Reverse Engineer Apache Jackrabbit Setup

anthonyh

We have a system that uses Apache Jackrabbit as an image (document) storage repository. We would really like to be able to pull documents for use with applications outside said system. The vendor of the system is, of course, not willing to volunteer how we can do this. So, I've been asked to reverse engineer it. I've looked at the database (MS-SQL) that's being used as storage and, yeah, I need to get into it from the Jackrabbit side...

Anyone have any pointers on resources to help me with this? At least a pointer on where to start?

It goes without saying, I have no clue what I'm doing.

MattSpeller

Upvoted for ambition + visibility

gjacobse

well good thing is that it's Open Source and runs on apache.

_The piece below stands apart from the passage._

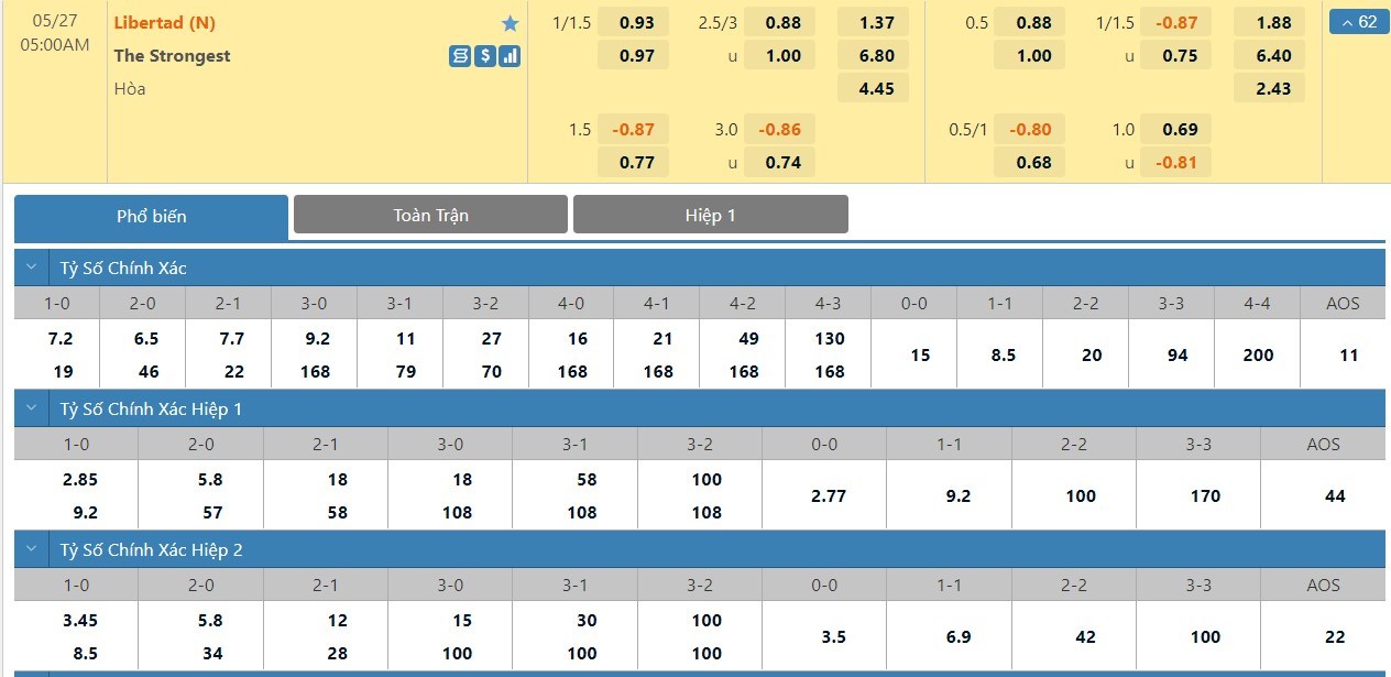 Xem tỷ lệ kèo cá cược bóng đá trực tuyến Libertad Asuncion vs The Strongest

Sounds like a @scottalanmiller question.

JaredBusch

Jackrabbit has an API. Why go into the DB when you can use the API?

Ambarishrh

I am not sure if this is helpful, but a search got me this http://blog.mooregreatsoftware.com/

Part of that blog:
Sadly, the metadata files for AEM Package Manager are very, very poorly documented. To make matters worse, there is a lot of duplication and inconsistencies between them. There is a little bit of information at the Apache Jackrabbit FileVault Documentation site, but it is focussed at the Vault filesystem and the like, not specifically how to use packages. The Adobe 6.1 Package Manager documentation discusses creating a package through the UI, but doesn’t discuss any of the mechanics. The Maven VLT plugin talks a little about how to set up Maven, but has huge holes in what is actually done and what the values really mean.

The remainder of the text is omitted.